Bradley hails from Pontypridd, part of that rich seam of racing success that runs along South Wales, fostering trainers of the calibre of Rebecca Curtis, Evan Williams, Tim Vaughan, Peter Bowen and a thriving if homely Point-to-Point scene around venues like Howick, Llanfrynach and Dunraven Stud, home to the king of Welsh Pointing, David Brace.

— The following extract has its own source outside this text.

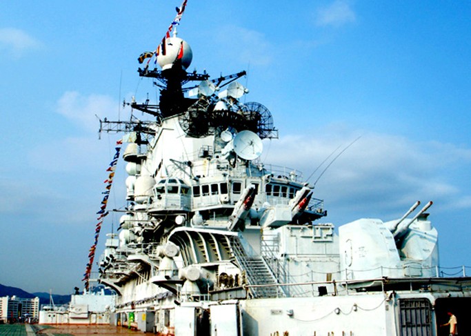 曾記,飄揚(yáng)著前蘇聯(lián)海軍軍旗的明思克號(hào),以艦長(zhǎng) 273米的龐大身軀、3.6萬(wàn)噸的排水量橫沖直撞于遠(yuǎn)東海域,直逼與美國(guó)阿拉斯加相鄰的重要水上通道----白令海峽以及日本海、中國(guó)黃海和東海海域。每當(dāng)明思克駛出蘇聯(lián)太平洋艦隊(duì)司令部海參崴軍港,除航母自身配置的強(qiáng)大戰(zhàn)斗群外,在艦隊(duì)的不遠(yuǎn)處,版權(quán)所有山東聊城聊之旅國(guó)際旅行社有限公司,轉(zhuǎn)載必究!會(huì)適時(shí)出現(xiàn)美國(guó)以偵察機(jī)和潛艇警戒群組成的護(hù)航隊(duì)伍,真可謂聲勢(shì)浩大,不可一世。冷戰(zhàn)結(jié)束后,明思克退役。1993年該艦被賣至韓國(guó),1998年6月,被深圳明思克公司收購(gòu),并開辟成“軍事題材”的旅游項(xiàng)目。

In fact, Bradley is a graduate of pony racing in Wales, and enjoyed his first ride between the flags whilst the ink was still wet on his 16th birthday cards. It took a year to achieve a first winner, but then, like London buses, three came at once the same weekend. "After my first, on Cinaman at Ystradowen, I picked up a spare in a Maiden that same afternoon which won. Then I won at Cothelstone the day after, so went from none to three in 24 hours," he explained to Jake Exelby earlier this year.
So what's the Hertfordshire connection then?
Bradley's partner is Claire Sherriff, whose father Julian farms in the county. He grew up attending the Enfield Chace meeting when it was held at Friars Wash, and needed little encouragement when Claire and Bradley were looking for new and larger premises. He owns 4 of the 12 horses at the yard on his farm, but they have plans afoot to extend this to 24 - a first step in pursuit of a professional licence. They made the move to Lemsford this last summer.
And that ambition came a little closer this afternoon when able Intermediate horse Rio Bravo rewarded Bradley's long drive to Catterick with a 2 1/2l victory in the Hunters Chase there under fellow Pointing graduate Connor Brace, now a Conditional rider with Fergal O'Brien in Gloucestershire.